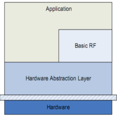 这里我使用的是TI公司的Basic RF通信作为节点之间通信的基础,它拥有IEEE 802.15.4的标准的数据包的接收和发送功能,Basic RF包括Hardware layer、Hardware Abstraction layer、Basic RF layer以及Application layer四层,Hardware layer负责实现数据传输的基础,Hardware Abstraction layer提供结构来访问控制GPIO、UART、ADC等,Basic RF为无线传输提供协议,Application layer封装好提供给用户使用Basic RF和HAL层的函数。其组成框架图如图所示
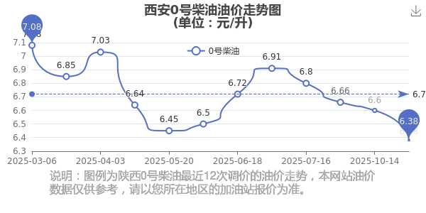 油价调整最新消息:西安汽油、柴油11月4日价格多少钱一升?具体为:0号柴油为6.38元,降了0.22元;95号汽油为7.11元;92号汽油为6.73元;89号汽油为6.35元,调整时间为10月28日。西安下一轮油价调整时间11月10日24时,距离现在还有6.96天。
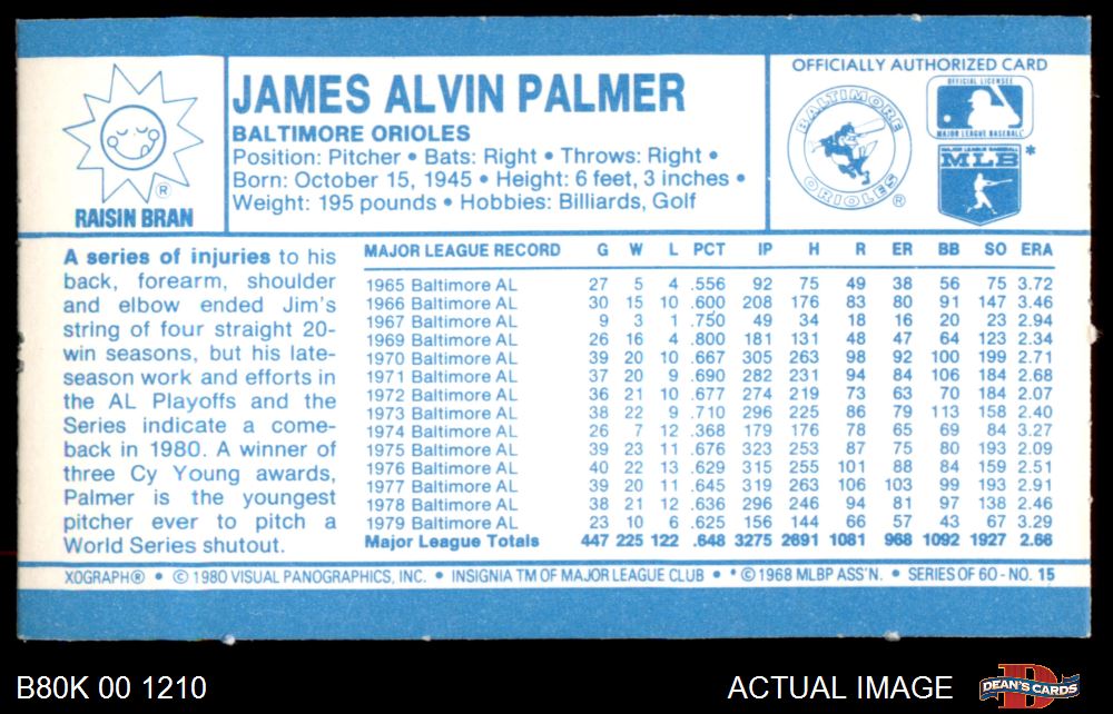 1980 Kelloggs #15 Jim Palmer 8 - NM/MT

- [DIRECTIONS FOR THIS TASK] Exact copy, no pictures: reproduce the whole listing above.

- [SOLUTION FOR THIS EXERCISE]
 这里我使用的是TI公司的Basic RF通信作为节点之间通信的基础,它拥有IEEE 802.15.4的标准的数据包的接收和发送功能,Basic RF包括Hardware layer、Hardware Abstraction layer、Basic RF layer以及Application layer四层,Hardware layer负责实现数据传输的基础,Hardware Abstraction layer提供结构来访问控制GPIO、UART、ADC等,Basic RF为无线传输提供协议,Application layer封装好提供给用户使用Basic RF和HAL层的函数。其组成框架图如图所示
 油价调整最新消息:西安汽油、柴油11月4日价格多少钱一升?具体为:0号柴油为6.38元,降了0.22元;95号汽油为7.11元;92号汽油为6.73元;89号汽油为6.35元,调整时间为10月28日。西安下一轮油价调整时间11月10日24时,距离现在还有6.96天。
 1980 Kelloggs #15 Jim Palmer 8 - NM/MT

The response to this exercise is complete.